The sheriff’s return is prima facie proof of service, and it can be overcome only by clear and convincing evidence. (Aetna Casualty & Surety Co. v. Sanders (1973), 15 Ill. App. 3d 573, 305 N.E.2d 25; Isaacs v. Shoreland Hotel (1963), 40 Ill. App. 2d 108, 188 N.E.2d 776.) We believe, however, that defendant in the present case met her burden of overcoming that presumption of service by clear and convincing proof.

All the evidence presented on behalf of defendant as to lack of service was uncontradicted and unchallenged.

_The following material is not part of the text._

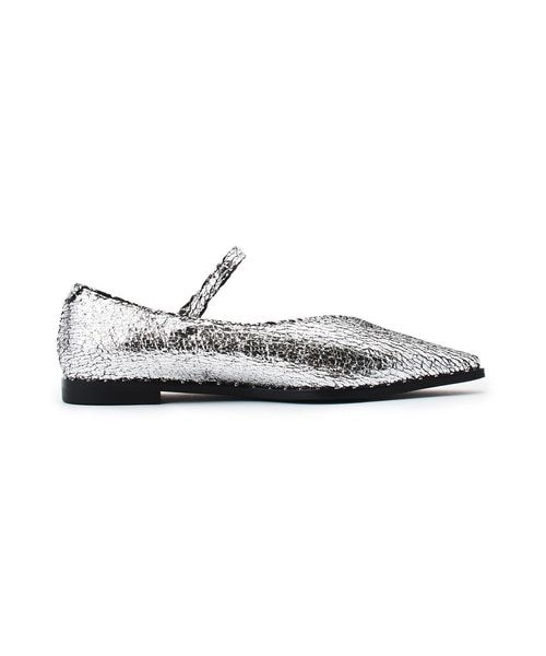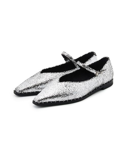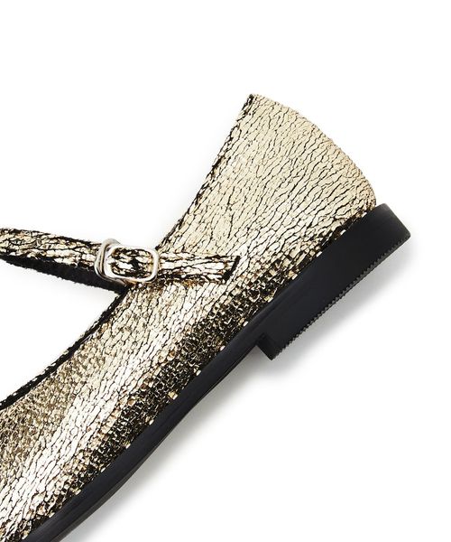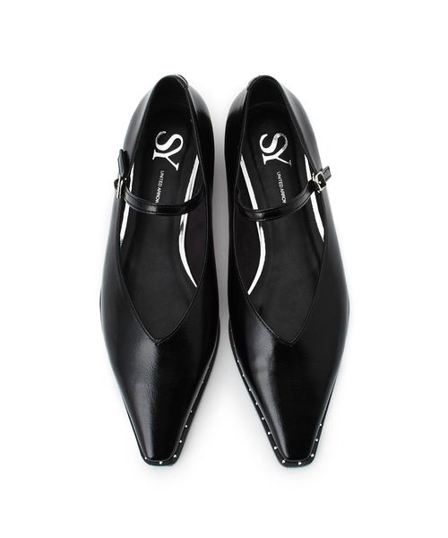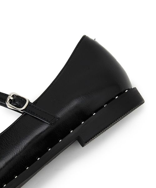 底周りのスタッズが目をひく甲ベルト付きのフラットシューズ

Defendant and three witnesses testified in some detail that she was out of Chicago when she was alleged to have been served. On the date of the purported service, substantial evidence was adduced that she was visiting a hospital in St. Louis, Missouri. It was undisputed that defendant lived alone and that her apartment was vacant when she left the city. The sheriff’s return showed that service was had on a 26-year-old woman, while defendant, in fact, was 41 years old at the time. Additionally, a family with the same name as defendant and having three women in their twenties lived across the hall from defendant. When all the evidence offered by defendant is considered, we believe the trial court erred in holding that the presumption of valid service was not overcome by clear and convincing proof.

For the foregoing reasons, the order of the circuit court of Cook County denying defendant’s motion to vacate the default judgment is reversed. The special appearance heretofore filed by defendant is ordered to stand as a general appearance, and the cause is remanded for further proceedings.

Reversed and remanded.

SIMON, P. J, and McGILLICUDDY, J., concur.